◆ Task objective ◆
Reproduce each line of the following material exactly, omitting the images.

◆ Dataset excerpt ◆
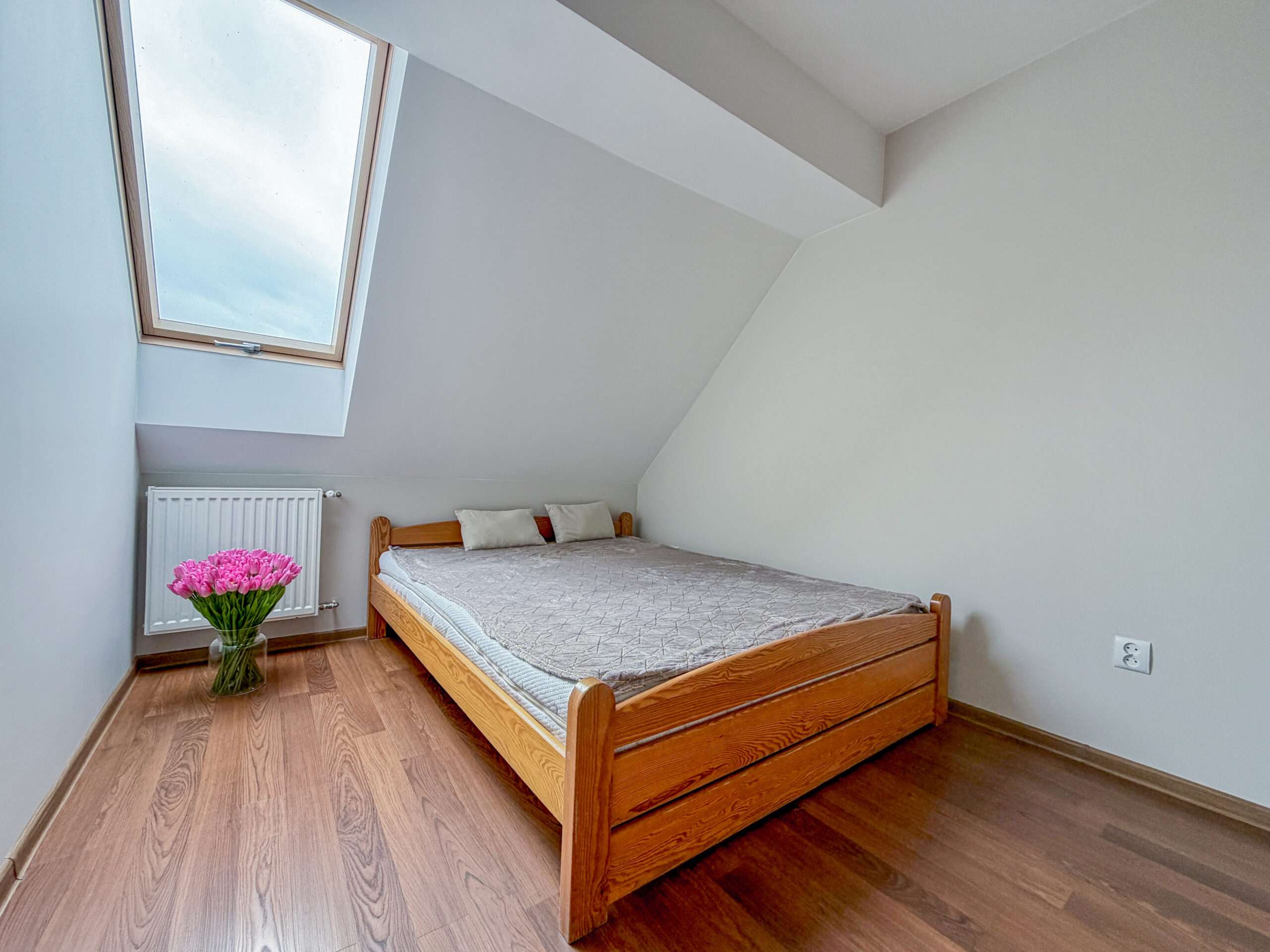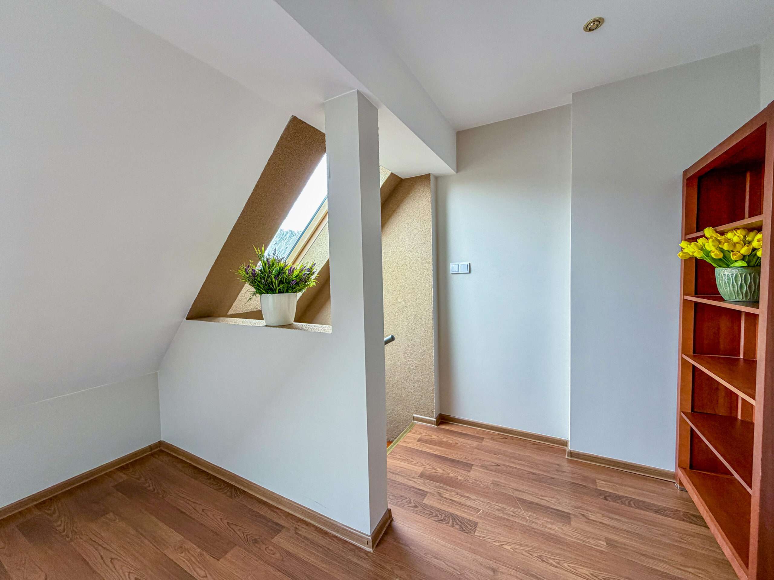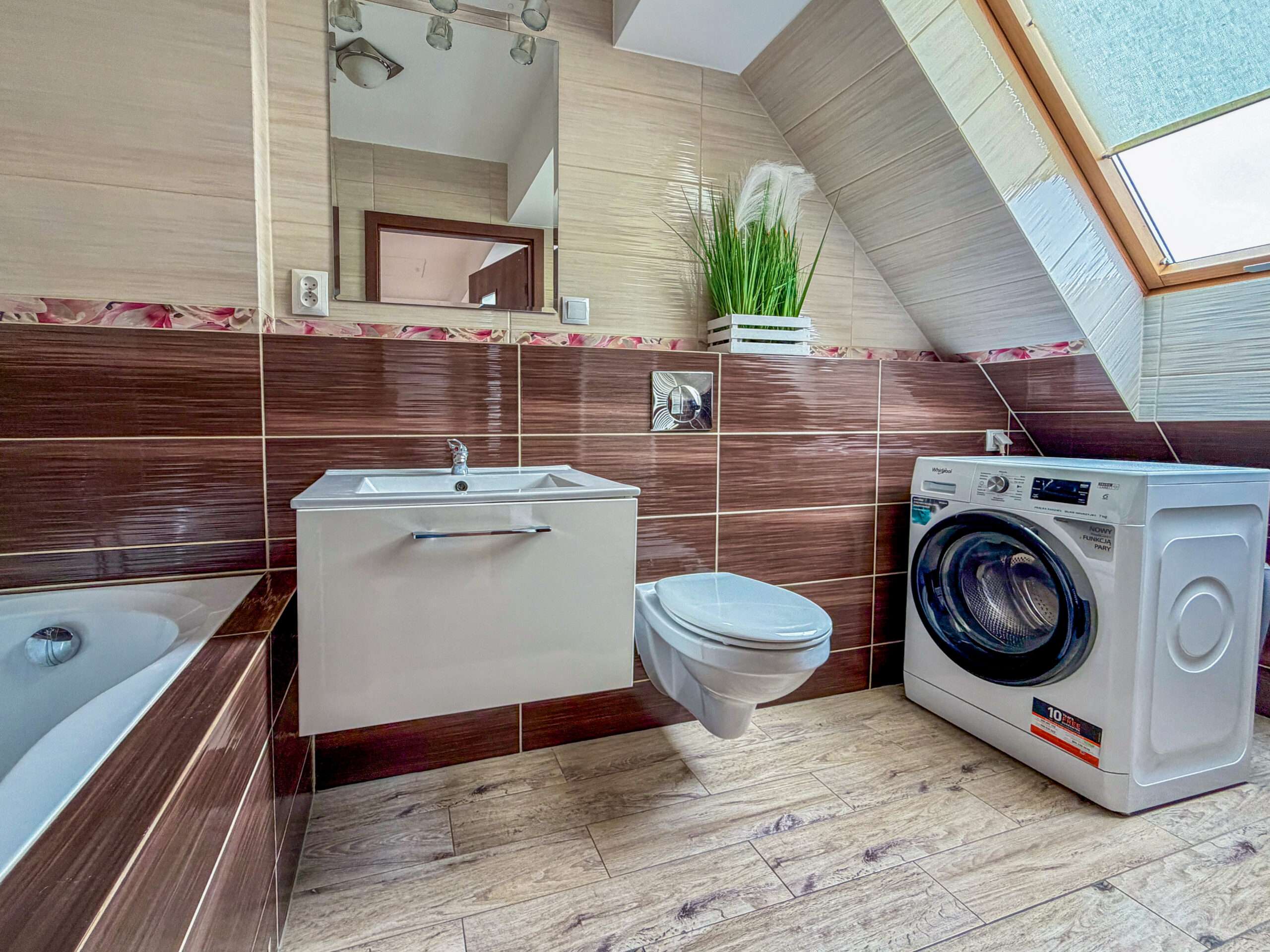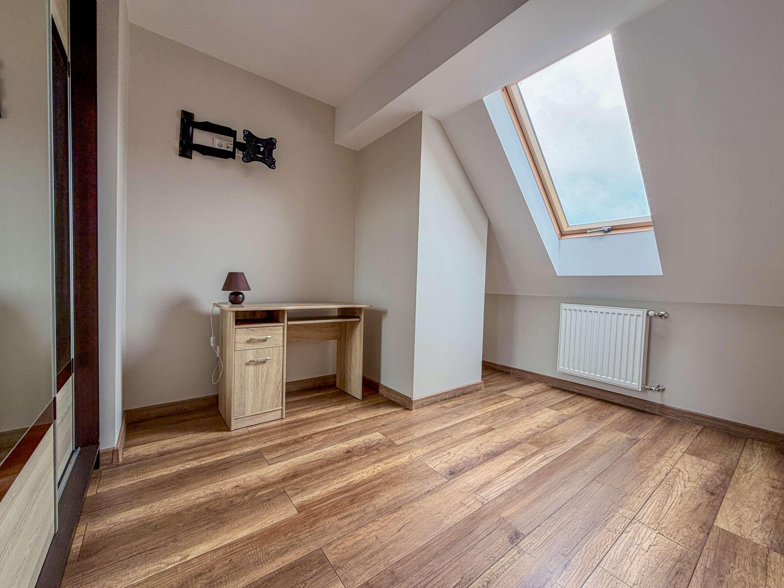 Dwupoziomowy układ zapewnia wyraźny podział na część dzienną i prywatną, co znacząco podnosi komfort codziennego użytkowania.
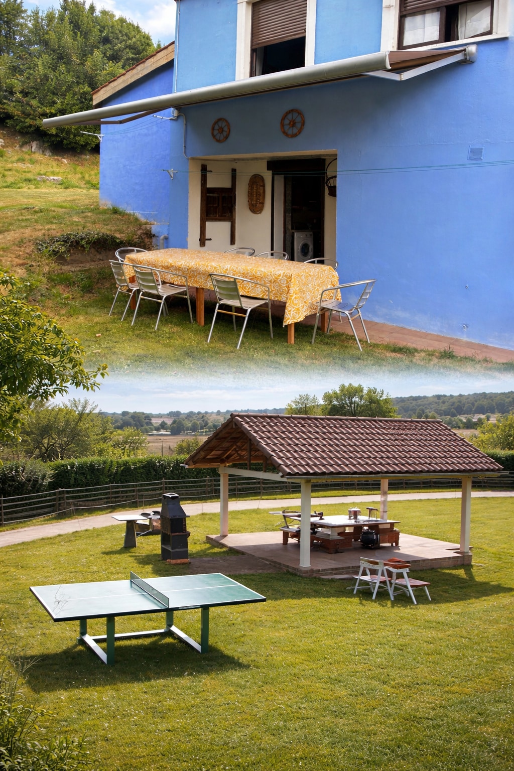 Nuestra relajante y tranquila casa esta situada a 12 km de la entrada de Gijon y 13 de Oviedo En una zona totalmente rural ,tenemos vacas,hórreo, en los exteriores además de la zona de mesa y bancos de debajo del hórreo,tenemos una cocina comedor "l'ayalga"equipada con:vitrocerámica portátil, microondas, nevera, alacena con todo tipo de menaje,agua caliente,fregadero ,mesa y sillas.Todo este equipamiento se puede utilizar también para cocinar en la zona de debajo del horreo. VV2300AS
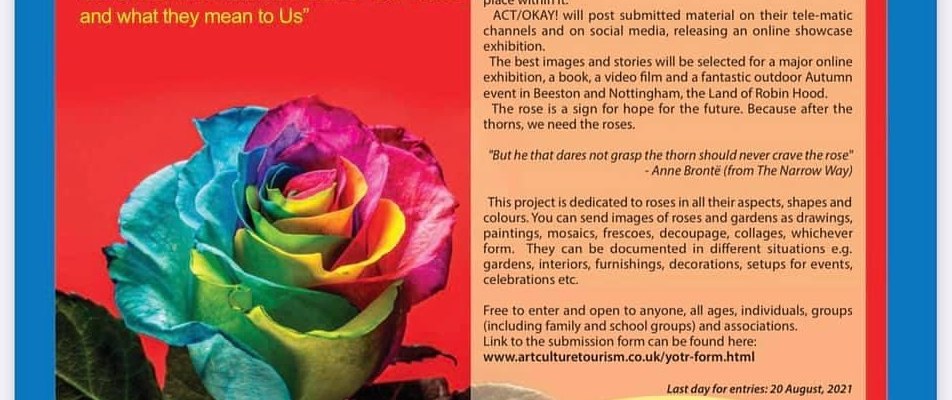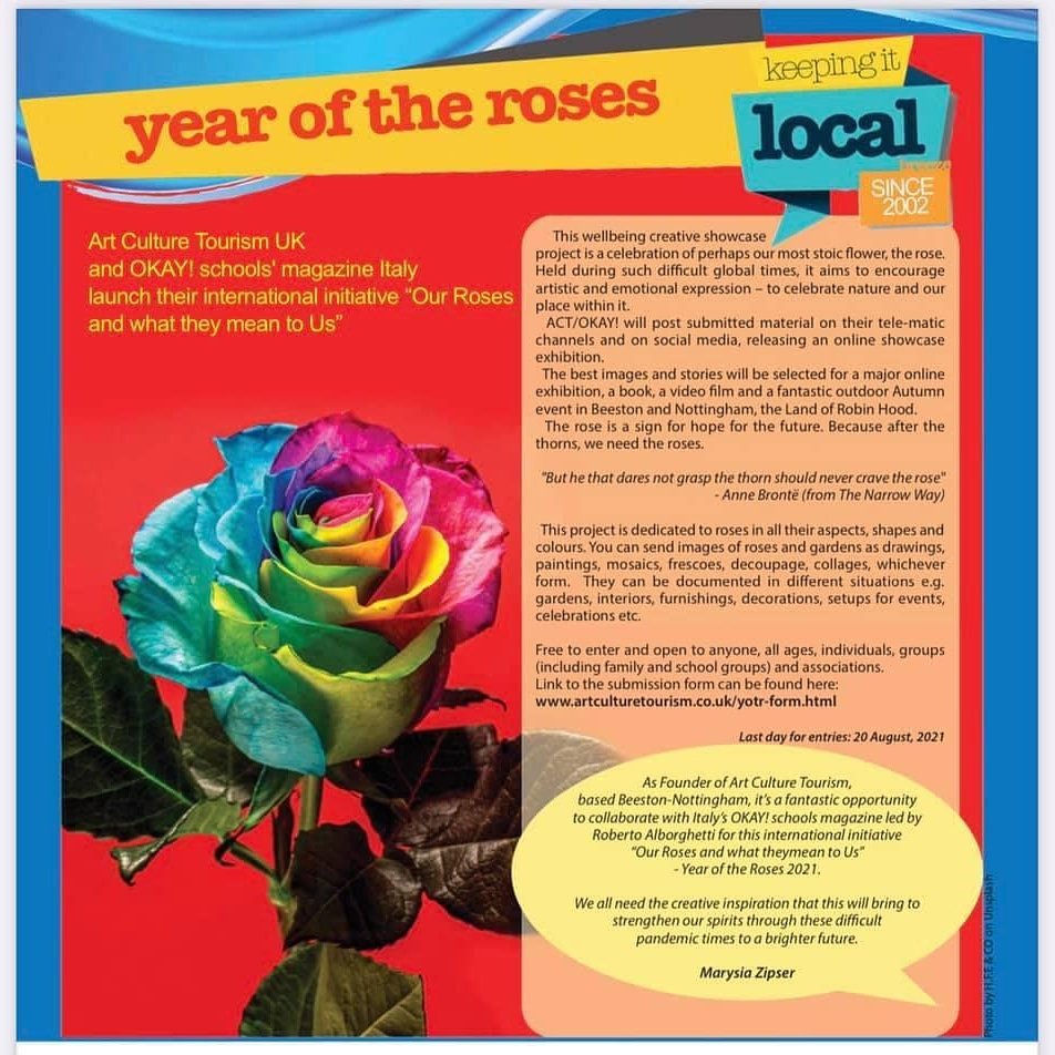 Notts TV Ey Up Show – 8.4.21 – presents the initiative Year of The Roses 2021 promoted by ACT/OKAY! Italy schools magazine. Invited to the studio is Marysia Zipser, Founder of Art Culture Tourism / ACT, together with Jeanie Barton who has composed and recorded the wonderful theme song. Roses video produced by Roberto Alborghetti. For more information about this project ‘Our Roses and what they mean to Us’ and how to participate by uploading your images and stories, please go onto http://www.artculturetourism.co.uk and YearoftheRoses page.

◆ Result of the exercise ◆
 Dwupoziomowy układ zapewnia wyraźny podział na część dzienną i prywatną, co znacząco podnosi komfort codziennego użytkowania.
 Nuestra relajante y tranquila casa esta situada a 12 km de la entrada de Gijon y 13 de Oviedo En una zona totalmente rural ,tenemos vacas,hórreo, en los exteriores además de la zona de mesa y bancos de debajo del hórreo,tenemos una cocina comedor "l'ayalga"equipada con:vitrocerámica portátil, microondas, nevera, alacena con todo tipo de menaje,agua caliente,fregadero ,mesa y sillas.Todo este equipamiento se puede utilizar también para cocinar en la zona de debajo del horreo. VV2300AS
 Notts TV Ey Up Show – 8.4.21 – presents the initiative Year of The Roses 2021 promoted by ACT/OKAY! Italy schools magazine. Invited to the studio is Marysia Zipser, Founder of Art Culture Tourism / ACT, together with Jeanie Barton who has composed and recorded the wonderful theme song. Roses video produced by Roberto Alborghetti. For more information about this project ‘Our Roses and what they mean to Us’ and how to participate by uploading your images and stories, please go onto http://www.artculturetourism.co.uk and YearoftheRoses page.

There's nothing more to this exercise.